Wanneer de Commissie oenologische procedés voor wijn als bedoeld in artikel 75, lid 3, onder g) toestaat:
- a)
houdt zij rekening met de door de OIV aanbevolen en gepubliceerde oenologische procedés en analysemethoden en met de resultaten die zijn geboekt met het experimentele gebruik van vooralsnog niet-toegestane oenologische procedés;
- b)
houdt zij rekening met overwegingen op het gebied van de bescherming van de menselijke gezondheid;
- c)
houdt zij rekening met het risico dat de consument door zijn vaste ideeënpatroon en bijbehorende verwachtingen ten aanzien van het product wordt misleid en gaat zij na of dat risico aan de hand van beschikbare voorlichting kan worden uitgesloten;
- d)
maakt zij de instandhouding van de natuurlijke en essentiële kenmerken van de wijn mogelijk zonder dat daarbij de samenstelling van het betrokken product substantieel wordt gewijzigd;
- e)
ziet zij erop toe dat een aanvaardbaar minimumniveau van milieuzorg wordt gehandhaafd;
- f)
neemt zij de algemene voorschriften inzake oenologische procedés en de in bijlage VIII vastgestelde voorschriften in acht.
4.
Teneinde de zorgen voor een correcte behandeling van wijnbouwproducten die niet kunnen worden afgezet, is de Commissie bevoegd om overeenkomstig artikel 227 gedelegeerde handelingen vast te stellen tot bepaling van de voorschriften inzake de nationale procedures bedoeld in de tweede alinea van lid 2 van dit artikel, en afwijkingen daarvan voor de terugname of vernietiging van wijnbouwproducten die niet aan de eisen.
5.
Indien nodig stelt de Commissie uitvoeringshandelingen vast waarin de in artikel 75, lid 5, onder d), bedoelde methoden worden vastgelegd voor de in bijlage VII, deel II, vermelde producten.
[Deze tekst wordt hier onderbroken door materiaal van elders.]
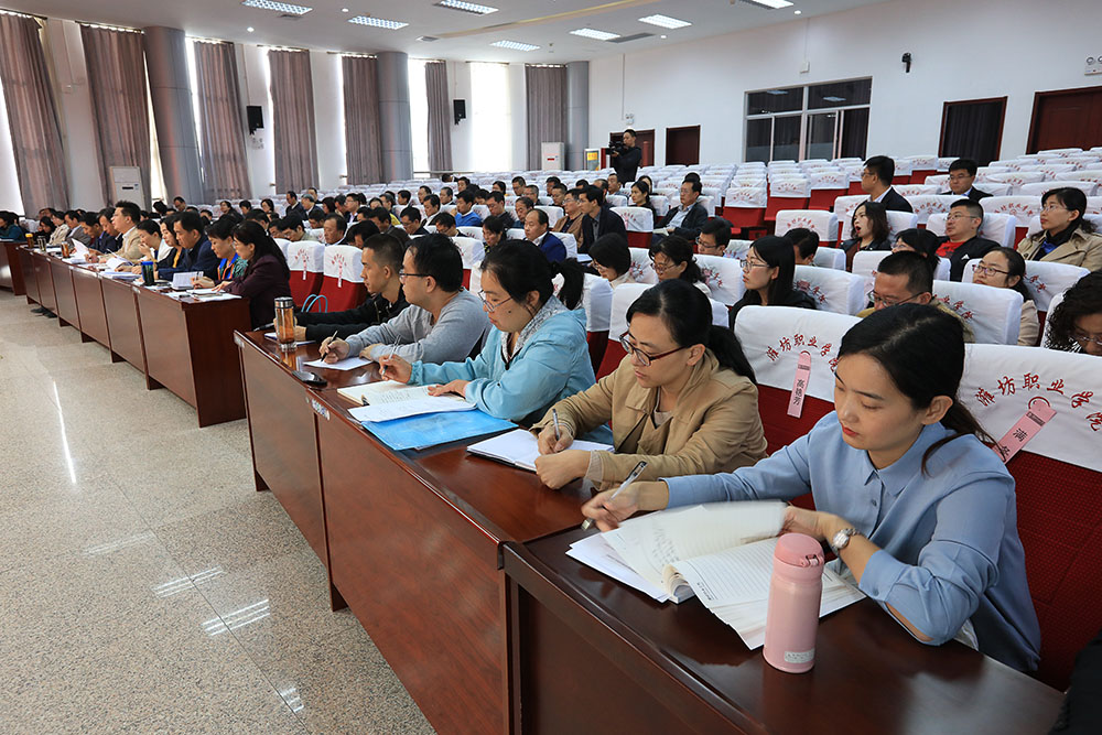 为加快推进学院优质校建设,全面系统安排部署优质校建设工作,迎接优质校中期检查,10月15日上午,学院在滨海校区清泽楼报告厅召开学院优质校建设经验交流会。学院院长王家爱,党委副书记宋桂言,副院长赵君堂、李瑞昌,纪委书记郭晓辉,党委委员、办公室主任谭明出席会议。学院全体中层干部以及各重点建设项目组的骨干成员和优质校建设办公室全体人员参加会议。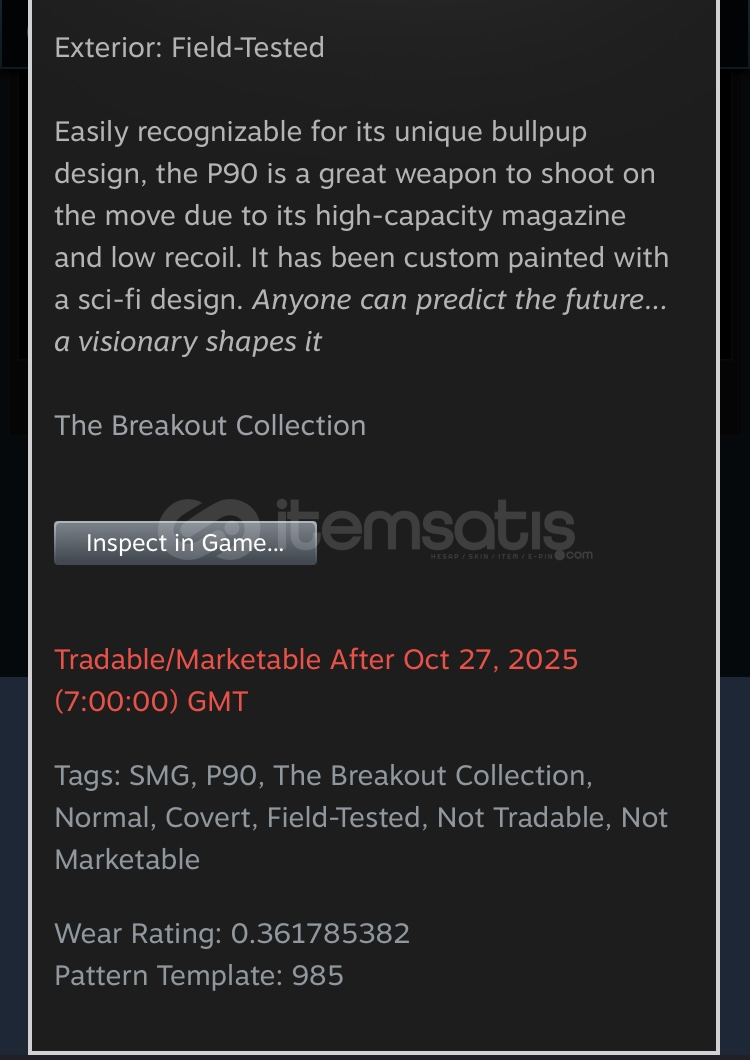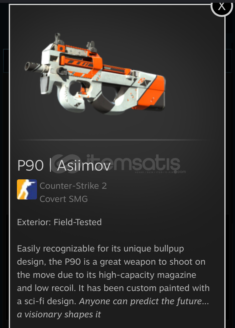 P90 asiimov görevde kullanılmış. İster kullanın ister benden ucuza alıp satarak daha ucuza hesap dizebilirsiniz. piyasa değeri 140 dolar civarıdır. Güvenle alabilirsiniz

Deze methoden zijn gebaseerd op relevante methoden die zijn aanbevolen en gepubliceerd door de OIV, tenzij zij ondoeltreffend of ongeschikt zouden zijn om de door de Unie nagestreefde doelstelling te verwezenlijken. Die uitvoeringshandelingen worden volgens de in artikel 229, lid 2, bedoelde onderzoeksprocedure vastgesteld.
In afwachting van de vaststelling van die uitvoeringshandelingen worden de methoden en voorschriften toegepast die door de betrokken lidstaat zijn toegestaan.